Figure 1. Hemispheric tracings (A,D,G), neocortical photomicrographs (B,E,H), and photomicrographs of white matter heterotopias (C,F,I) of rats embryonically transfected with either Kiaa0319 shRNA, Dcdc2 shRNA, Dyx1c1 shRNA, or fluorescent protein (Control) at either E14.5 (A,B,C), E15.5 (D,E,F), or E16.5 (G,H,I).

Bar for C,F,I = 500 µm.

Figure 2. Confocal microscopy of laminar markers CUX1 and FOXP2 following transfection of candidate dyslexia susceptibility genes at E14.5.

Small arrows indicate transfected cells co-labeled with CUX1 or FOXP2. Arrowheads indicate CUX1+ neurons that are not transfected. Large arrow for orientation with pial surface. Bar = 200 µm in all panels. A. Photomicrograph of upper lamina neurons from a rat transfected with Kiaa0319 shRNA. B. Photomicrograph of white matter heterotopia (dotted line) from a rat transfected with Kiaa0319 shRNA. C. Photomicrograph of layer 6 neurons from a rat transfected with Kiaa0319 shRNA. D. Photomicrograph of white matter heterotopia (dotted line) from a rat transfected with Kiaa0319 shRNA. E. Photomicrograph of upper lamina neurons from a rat transfected with Dcdc2 shRNA. F. Photomicrograph of white matter border (dotted line outlines corpus callosum) from a rat transfected with Dcdc2 shRNA. Str = Striatum. G. Photomicrograph of layer 6 neurons from a rat transfected with Dcdc2 shRNA. H. Photomicrograph of white matter border (dotted line) from a rat transfected with Dcdc2 shRNA. I. Photomicrograph of upper lamina neurons from a rat transfected with Dyx1c1 shRNA. J. Photomicrograph of white matter heterotopia (dotted line is white matter border) from a rat transfected with Dyx1c1 shRNA. K. Photomicrograph of layer 6 neurons from a rat transfected with Dyx1c1 shRNA. L. Photomicrograph of white matter border (dotted line) from a rat transfected with Dyx1c1 shRNA. Str = Striatum

Figure 3. Confocal microscopy of laminar markers CUX1 and FOXP2 following transfection of candidate dyslexia susceptibility genes at E16.5.

Small arrows indicate transfected cells co-labeled with CUX1 or FOXP2. Arrowheads indicate CUX1+ neurons that are not transfected. Large arrow for orientation with pial surface.
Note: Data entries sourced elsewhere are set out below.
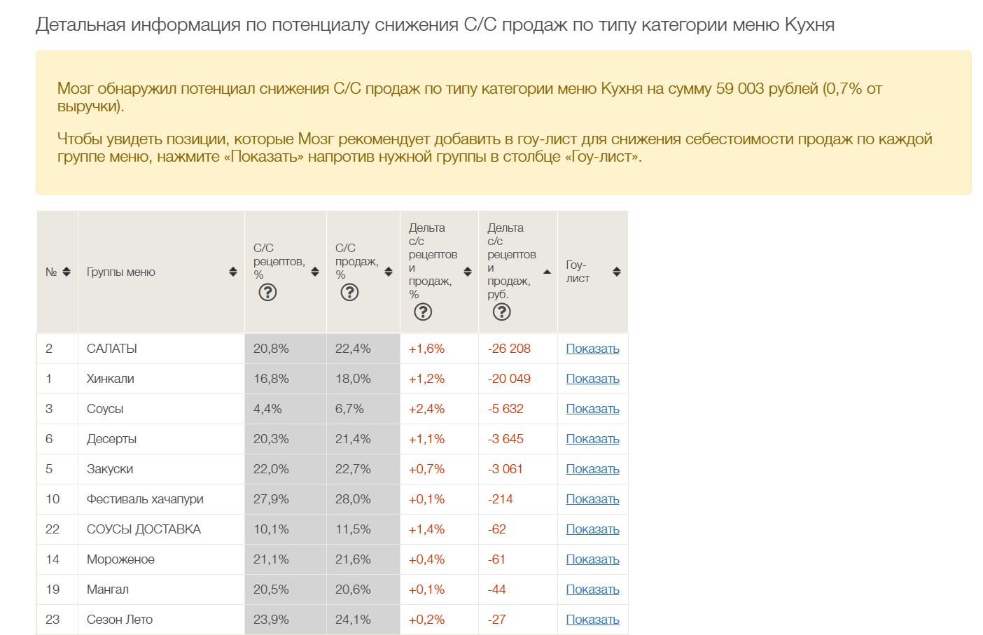 Чтобы увидеть позиции, которые Мозг рекомендует добавить в гоу-лист для снижения себестоимости продаж, необходимо нажать «Показать» напротив нужной группы в столбце «Гоу-лист».
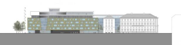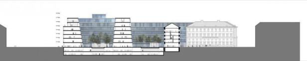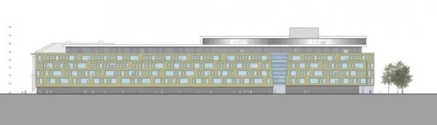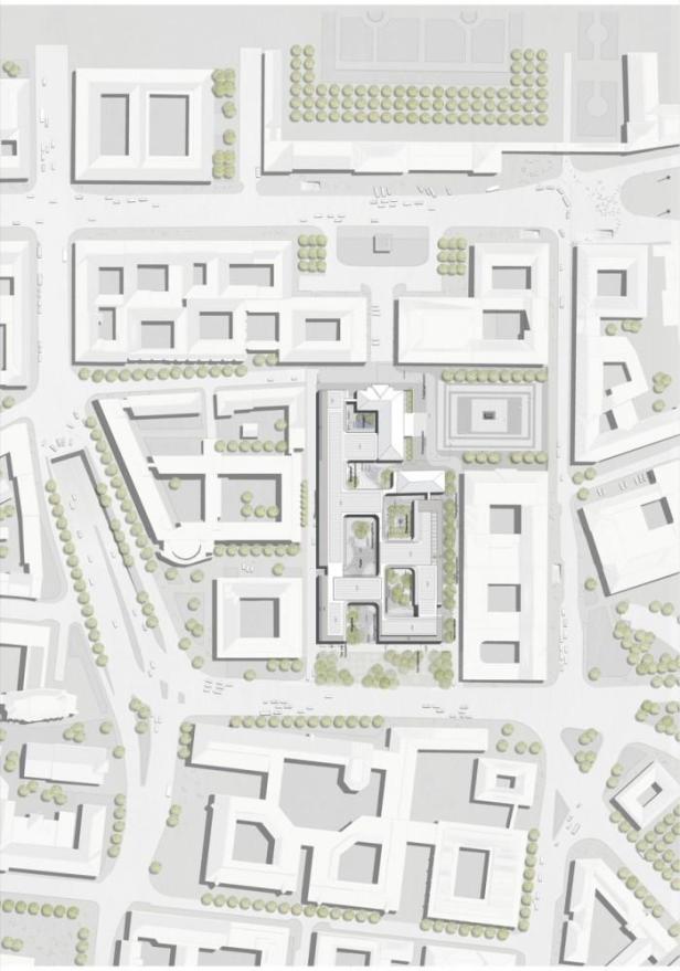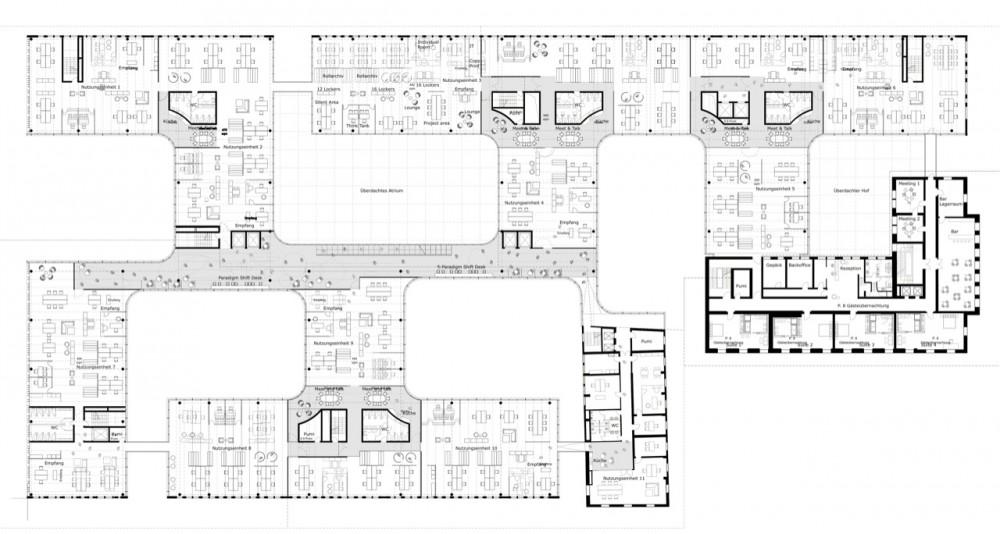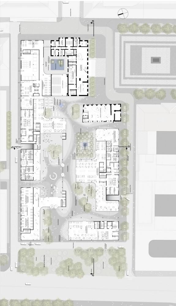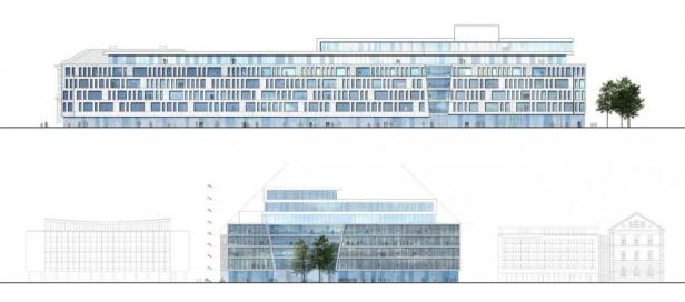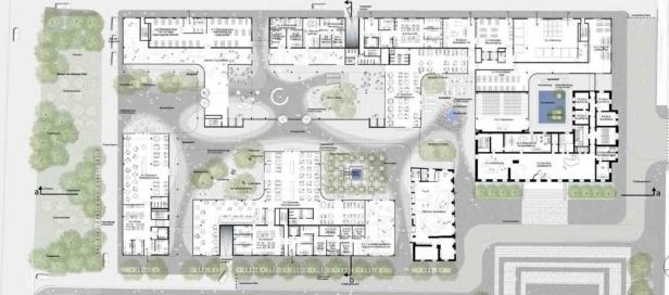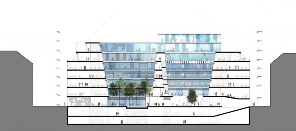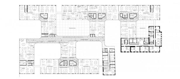 A nova sede é constituída por seis retangulos e por volumes arredondados ligados a uma estrutura central vertical que liga o restante do complexo edificado. Esta estrutura cria seis pátios variados em estreito diálogo com a cidade – gerando assim um novo espaço urbano a ser explorado. Os níveis de escritório estão ligadas por pontes, criando um piso contínuo que se estende através do complexo inteiro. O átrio da nova sede está situado no meio do edifício e é acessível por todos os lados.
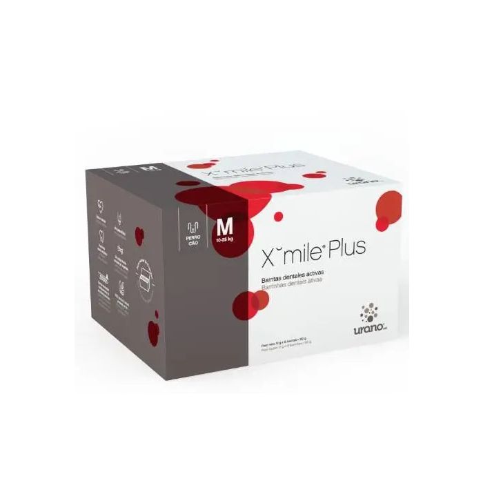 Xmile® Plus barritas dentales activas es un producto eficaz, seguro y fácil de administrar para que los propietarios de las mascotas estén plenamente satisfechos con las soluciones que les propone su veterinario-dentista.Ovoextracto enriquecido con inmunoglobulinas: las barritas dentales activas Xmile Plus contienen ovoextracto rico en IgY frente a Porphyromonas, la principal bacteria causante de la placa y el mal aliento.Cúrcuma: la cúrcuma ha demostrado efectos antioxidantes, antiinflamatorios y antimicrobianos de gran interés en la prevención de la enfermedad periodontal y en el control del biofilm.Sulfato de Zn: actúa como quelante de calcio de la saliva e inhibidor de la formación de placa dental
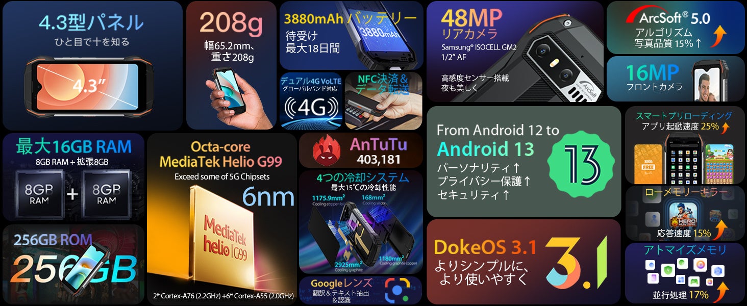 8コアG99 CPU/ Android 13 /4.3インチ QHD/4G LTE/ 16GB(8GB+8GB仮想)RAM+256GB / 48MP+16MP/MIL-STD-810H認証/防水防塵耐衝撃/18W 急速充電/3880mAh
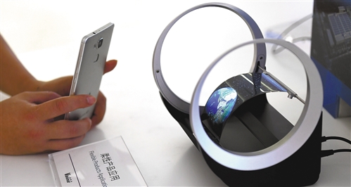 投資近300億元、具有完全自主知識產權的維信諾(固安)第六代全柔AMOLED生產線日前在河北省廊坊市固安產業新城正式啟動運行。圖為一名參觀者在維信諾展廳拍攝可彎曲屏幕。 新華社記者 王 曉攝
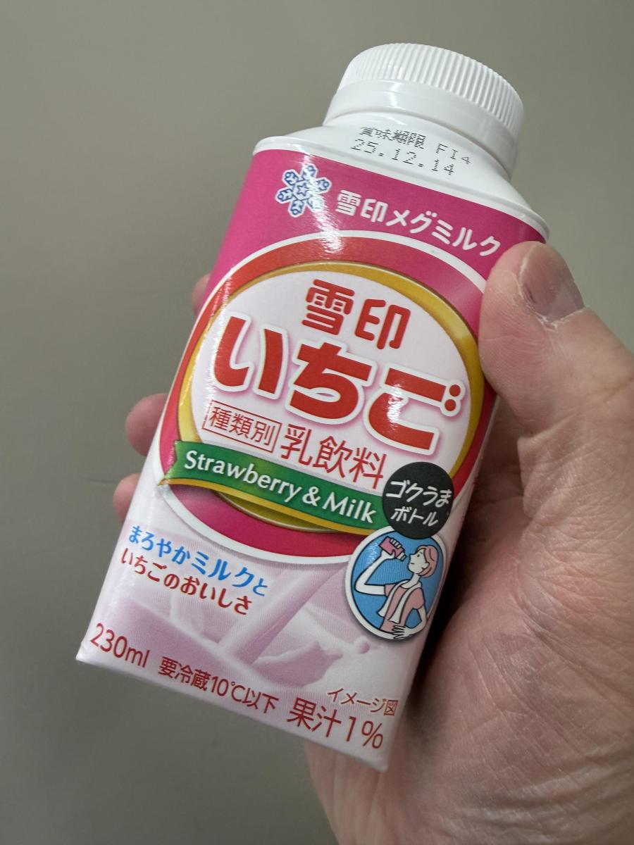 正直言ってものすごく人工的な味で、今どきこんな味でいいの?という感じ。いちごミルク味をつけました、とても言うような絵に描いたような演出たっぷりの味で、ナチュラル感はまったくない。が、この「絵に描いたような」というのが昭和感のようなものを感じさせてくれ、こういういちごミルク味は昔よく口にしたよな、という懐かしさを私のような世代の人はきっと感じるんじゃないかと思う。実は購入する段階でパッケージの雰囲気からそういう想定もしていたのだが、ということはまんまと雪印の戦略にハマったということかな??
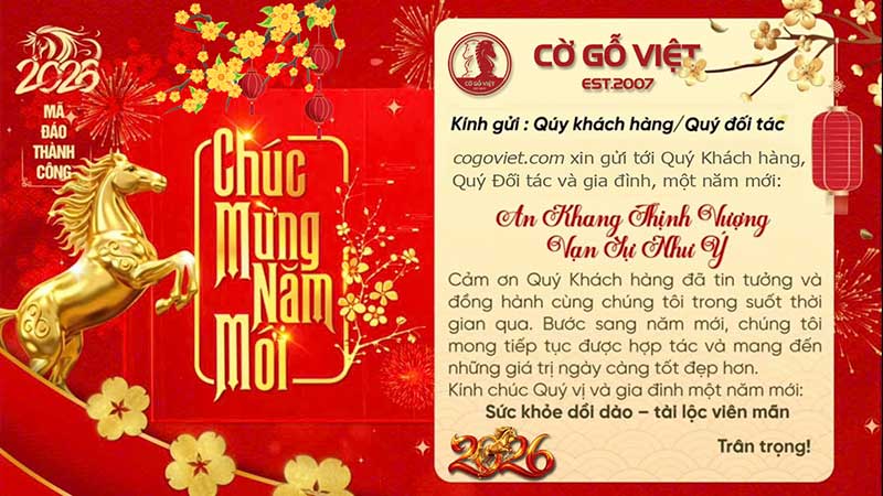 Tin Tức 16/02/2026 9:58:46 PM 11 Cogoviet.com Kính chúc Quý Khách hàng, Quý Đối tác và gia đình một năm mới: Sức Khỏe Dồi Dào - Tài Lộc Viên Mãn - Mã Đáo Thành Công! Tags: Xuân Bính Ngọ 2026Chào xuân Bính Ngọ2026Năm mớiCờ gỗ chúc mừng năm mớiTết nguyên đánChào xuân Tweet Phản hồi bài viết (5 stars) Nhập vào những mục bắt buộc Cảm ơn bạn đã để lại thông tin! Quý khách đã gửi THÀNH CÔNG. Cám ơn Quý khách hàng đã tin tưởng và sử dụng dịch vụ của chúng tôi. Bộ phận chuyên môn sẽ liên hệ lại cho quý khách trong giây lát. Trân trọng!Thông tin đã được gửi đi. Cám ơn bạn đã quan tâm!Thông tin đã được gửi đến ban biên tập. Cám ơn bạn đã quan tâm! Gửi liên hệ
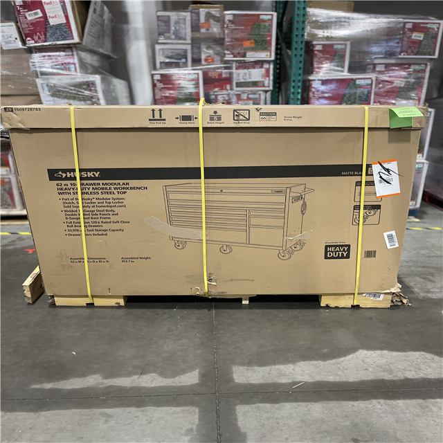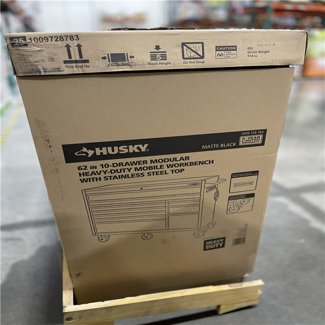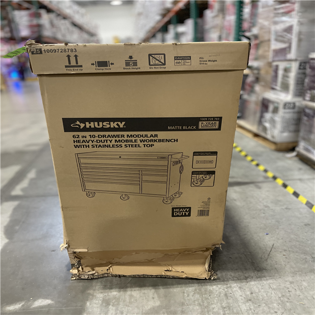 DALLAS LOCATION- NEW!- Husky Modular Tool Storage 62 in. W X 24 in. D Heavy Duty Matte Black Mobile Workbench Cabinet with Stainless Steel Top
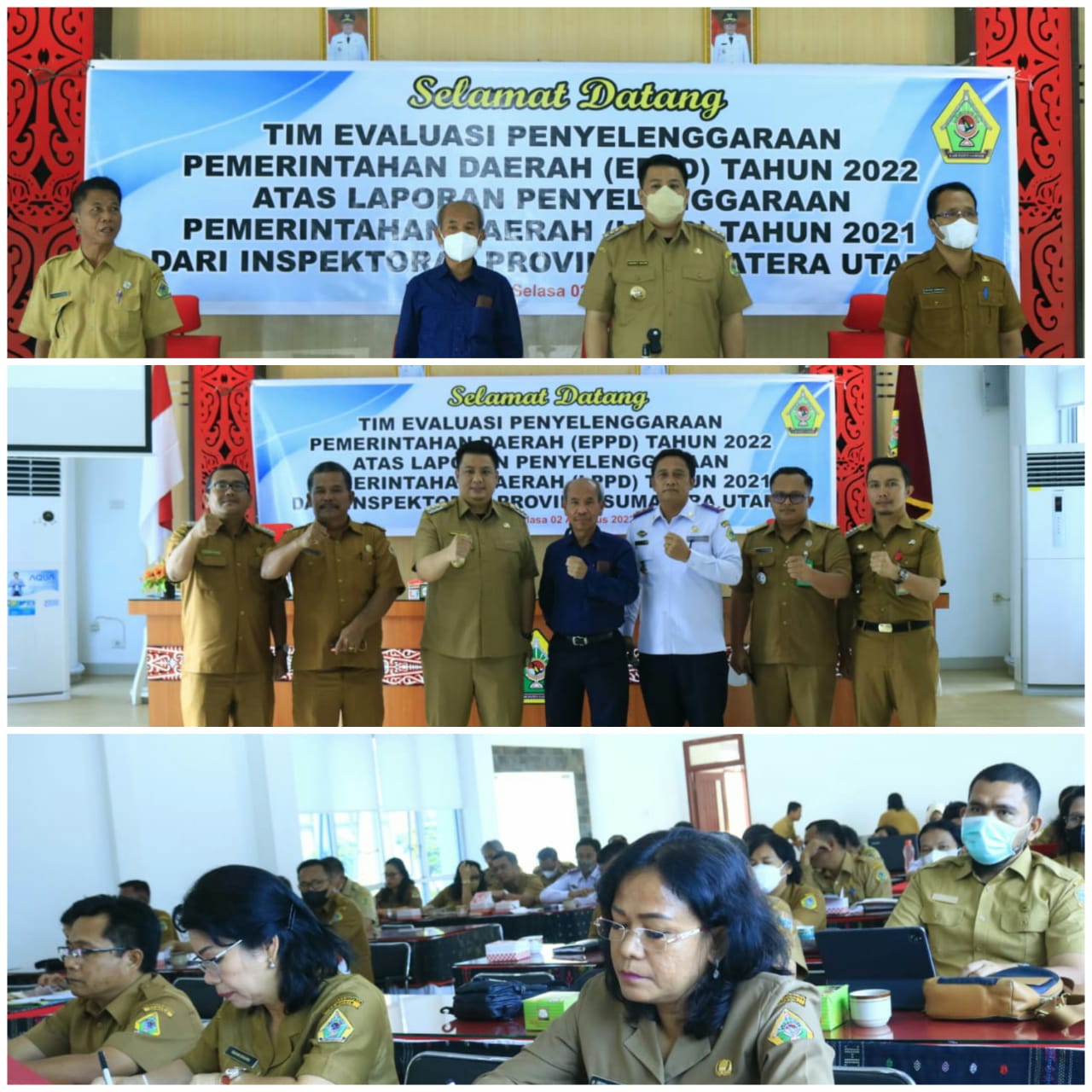 Inspektur Propinsi Sumatera Utara, Lasro Marbun bersama tim Evaluasi Penyelenggaraan Pemerintah Daerah (EPPD) Propsu melakukan rapat evaluasi terhadap LPPD Kabupaten Samosir Tahun 2021.

Bar = 200 µm in all panels. A. Photomicrograph of upper lamina neurons from a rat transfected with Kiaa0319 shRNA. B. Photomicrograph of white matter border (dotted line) from a rat transfected with Kiaa0319 shRNA. C. Photomicrograph of white matter border (dotted line) from a rat transfected with Kiaa0319 shRNA. D. Photomicrograph of upper lamina neurons from a rat transfected with Dcdc2 shRNA. E. Photomicrograph of white matter border (dotted line) from a rat transfected with Dcdc2 shRNA. F. Photomicrograph of white matter border (dotted line) from a rat transfected with Dcdc2 shRNA. G. Photomicrograph of upper lamina neurons from a rat transfected with Dyx1c1 shRNA. H. Photomicrograph of white matter heterotopia (dotted line) from a rat transfected with Dyx1c1 shRNA. Str = Striatum. I. Photomicrograph of white matter heterotopia (dotted line) from a rat transfected with Dyx1c1 shRNA. Str = Striatum

Figure 4. Quantitative analysis of transfected neuron position.

A. Line chart showing mean laminar position of neurons transfected at E14.5. B. Histogram illustrating the mean percentage (+SEM) of transfected neurons that are unmigrated following E14.5 transfection. *Differs from control, P<.05. C. Histogram of mean (+SEM) average position of transfected neurons that migrated into the neocortex following E14.5 transfection. Horizontal lines indicate laminar boundaries. D. Line chart showing mean laminar position of neurons transfected at E15.5. E. Histogram illustrating the mean percentage (+SEM) of transfected neurons that are unmigrated following E15.5 transfection. *Differs from control, P<.05. F. Histogram of mean (+SEM) average position of transfected neurons that migrated into the neocortex following E15.5 transfection. Horizontal lines indicate laminar boundaries. *Differs from control, P<.05. G. Line chart showing mean laminar position of neurons transfected at E16.5. H. Histogram illustrating the mean percentage (+SEM) of transfected neurons that are unmigrated following E16.5 transfection. *Differs from control, P<.05. I. Histogram of mean (+SEM) average position of transfected neurons that migrated into the neocortex following E16.5 transfection. Horizontal lines indicate laminar boundaries.*Differs from control, P<.05.